Von meinen Lehrern habe ich immer gehört, wir sollten uns einen eigenen Kopf bewahren. Das leuchtet sofort ein. Berufswunsch Konformist ist gerade unter Heranwachsenden eher ungewöhnlich. Aber wenn wir uns auf dem Pausenhof zusammenfanden, waren eigenartigerweise alle einer Meinung. Ich lernte früh, dass man zur Mehrheit gehören und dennoch als Nonkonformist durchgehen kann.

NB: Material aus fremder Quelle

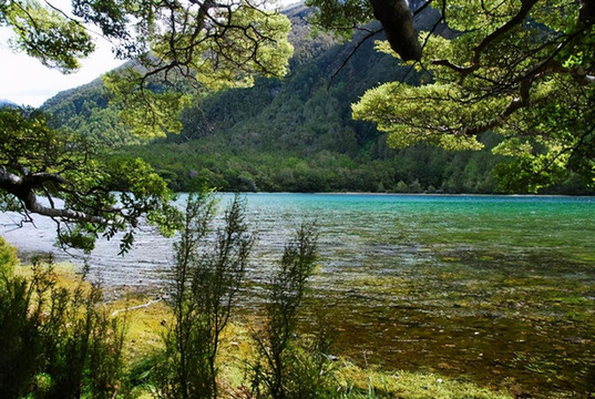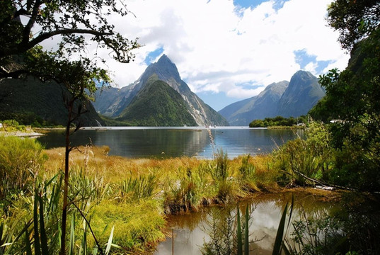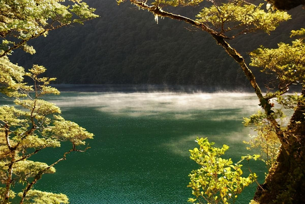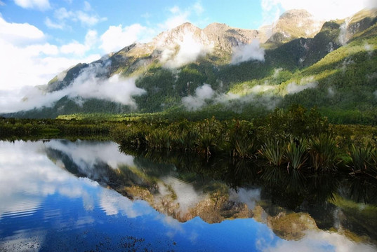 去米尔福德峡湾路上的镜湖: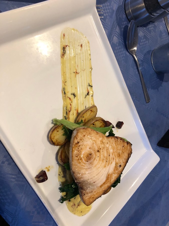 I found a small steak/seafood restaurant right on the beach. I ordered a swordfish steak. So good! It had little pieces of chorizo sausage and the green purée that they used to decorate the plate was pretty awesome! I wish I would have taken a picture of the front of the restaurant because it was incredible! I will definitely be back on future visits to Thurso.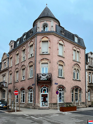 ![]() Eckhaus - Maison - coin 27 rue de la Libération (anc. 27 rue Neuve) et rue Zénon Bernard (anc. rue de l'Industrie), Esch/Alzette (Photo: 30.3.2022 jmo) |
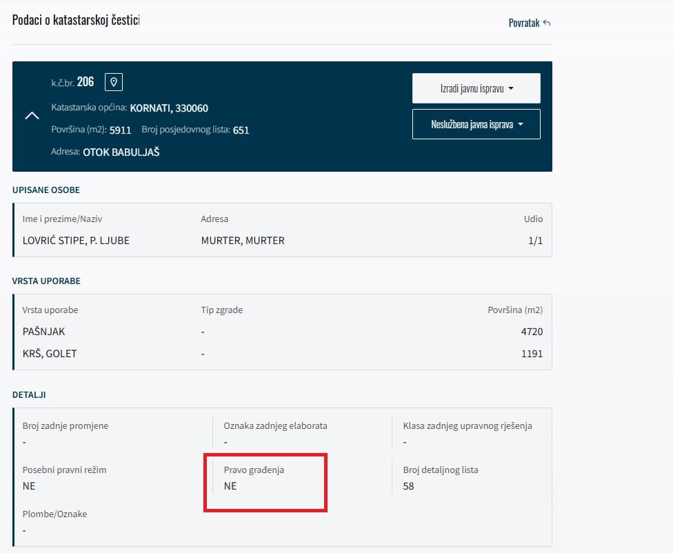 Dapače, u katastru je jasno naznačeno da se na ovoj katastarskoj čestici u vlasništvu Stipe Lovrića iz Murtera, ne smije graditi.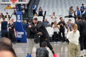关系超好!东契奇进场后,率先与前队友&独行侠工作人员们打招呼

Bleibt die Frage, warum so viele Journalisten mit erkennbarer Verachtung auf Leute blicken, die es zu Ruhm und Reichtum gebracht haben. Die Draufgänger der Kindheit trifft man später oft als Versicherungsvertreter oder Packer im Getränkemarkt wieder. Die Konkurrenten, von denen es sich im Nachhinein abzusetzen gilt, sind eher die Jungs oder Mädels mit der Brille und der Stoffhose, die es wider Erwarten an die Spitze eines Millionenunternehmens gebracht haben.

Die Abwertung hat so gesehen möglicherweise eher psychohygienische Gründe. Wer mit Bill Gates (oder heute Marissa Mayer) zur Schule gegangen ist, hat nur eine Möglichkeit zu rechtfertigen, warum es bei ihm lediglich zu einer Stelle im Mittelbau einer Zeitung oder Fernsehanstalt gelangt hat. Na gut, sagt er sich: Diese Leute sind sehr viel reicher als ich. Aber dafür habe ich mich nicht korrumpiert wie sie. Ich bin nicht zum Schwein geworden. Damit wäre die Hinwendung zum Ideologischen eine nachträgliche Selbsttröstung.

Was für ein schönes Thema für eine kommunikationswissenschaftliche Folgestudie.